■ DATASET RECORDS ■
◇ ◇ ◇ ◇ ◇ ◇ ◇
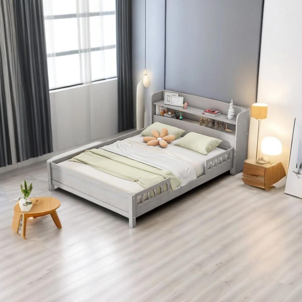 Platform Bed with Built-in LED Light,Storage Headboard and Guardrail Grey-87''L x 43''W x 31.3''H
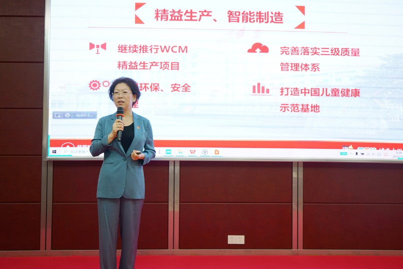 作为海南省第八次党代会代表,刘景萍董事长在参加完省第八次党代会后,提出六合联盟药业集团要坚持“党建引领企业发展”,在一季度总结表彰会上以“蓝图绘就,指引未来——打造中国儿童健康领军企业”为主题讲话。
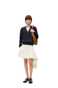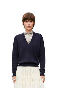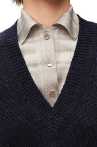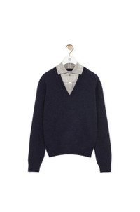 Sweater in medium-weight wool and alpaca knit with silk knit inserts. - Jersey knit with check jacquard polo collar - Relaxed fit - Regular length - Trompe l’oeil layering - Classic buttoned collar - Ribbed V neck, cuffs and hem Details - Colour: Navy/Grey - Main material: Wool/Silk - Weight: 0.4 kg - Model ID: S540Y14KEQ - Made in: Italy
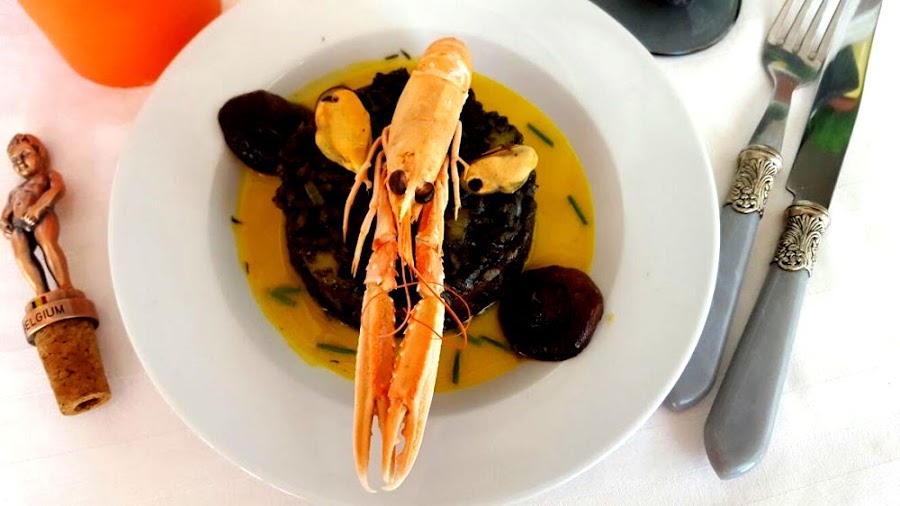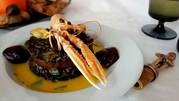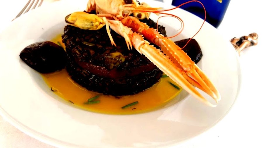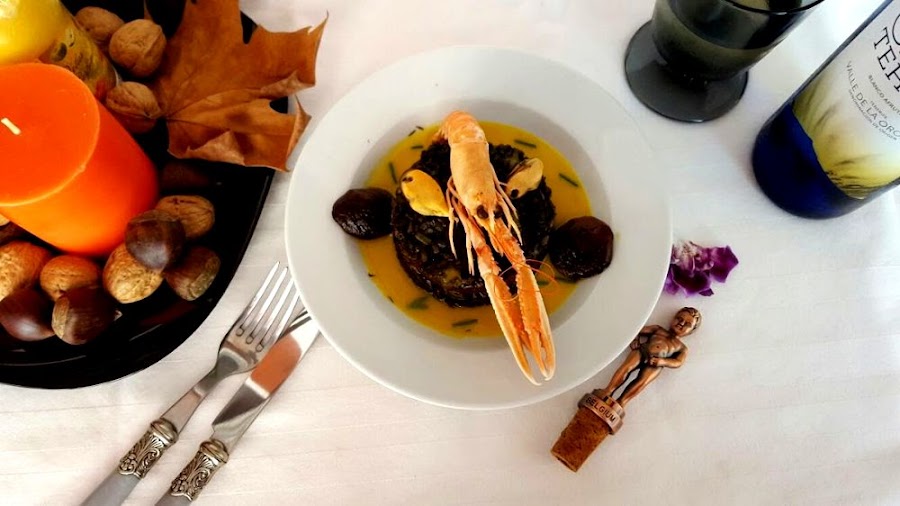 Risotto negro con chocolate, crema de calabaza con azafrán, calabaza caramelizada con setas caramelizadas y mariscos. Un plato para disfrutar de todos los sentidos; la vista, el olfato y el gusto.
◇ ◇ ◇ ◇ ◇ ◇ ◇
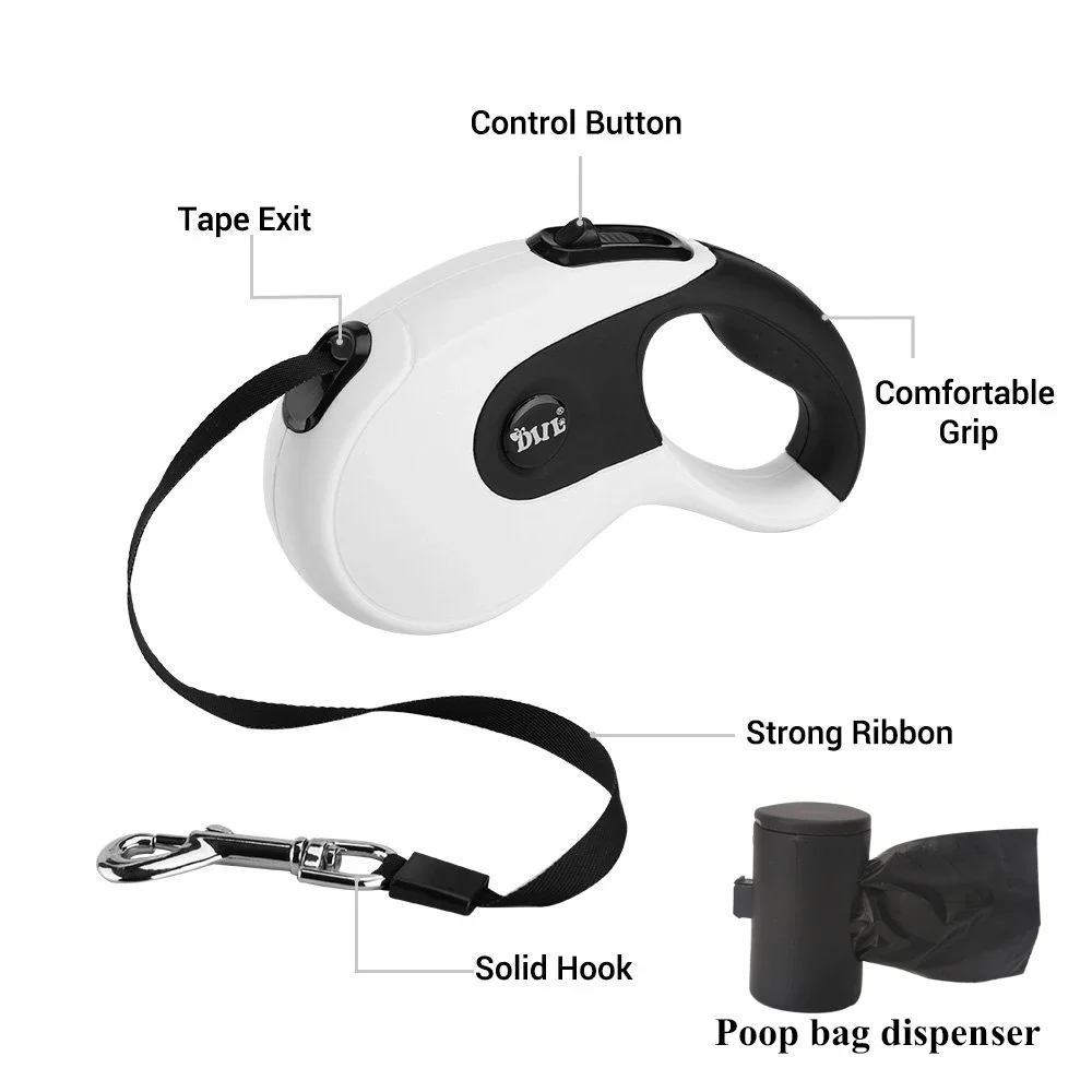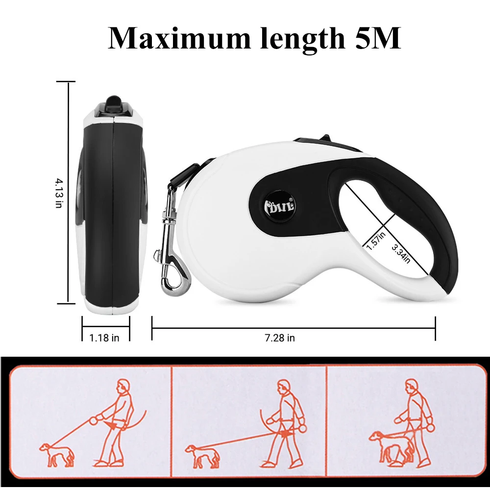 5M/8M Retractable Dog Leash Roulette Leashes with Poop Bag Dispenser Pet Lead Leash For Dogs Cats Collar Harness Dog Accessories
◇ ◇ ◇ ◇ ◇ ◇ ◇
■ WHAT NEEDS TO BE DONE ■
Set down again, word for word, every line from the one with "Platform Bed with" to the one with "Risotto negro con" in the entries above, and omit the pictures.

■ RESPONSE BOX ■
 Platform Bed with Built-in LED Light,Storage Headboard and Guardrail Grey-87''L x 43''W x 31.3''H
 作为海南省第八次党代会代表,刘景萍董事长在参加完省第八次党代会后,提出六合联盟药业集团要坚持“党建引领企业发展”,在一季度总结表彰会上以“蓝图绘就,指引未来——打造中国儿童健康领军企业”为主题讲话。
 Sweater in medium-weight wool and alpaca knit with silk knit inserts. - Jersey knit with check jacquard polo collar - Relaxed fit - Regular length - Trompe l’oeil layering - Classic buttoned collar - Ribbed V neck, cuffs and hem Details - Colour: Navy/Grey - Main material: Wool/Silk - Weight: 0.4 kg - Model ID: S540Y14KEQ - Made in: Italy
 Risotto negro con chocolate, crema de calabaza con azafrán, calabaza caramelizada con setas caramelizadas y mariscos. Un plato para disfrutar de todos los sentidos; la vista, el olfato y el gusto.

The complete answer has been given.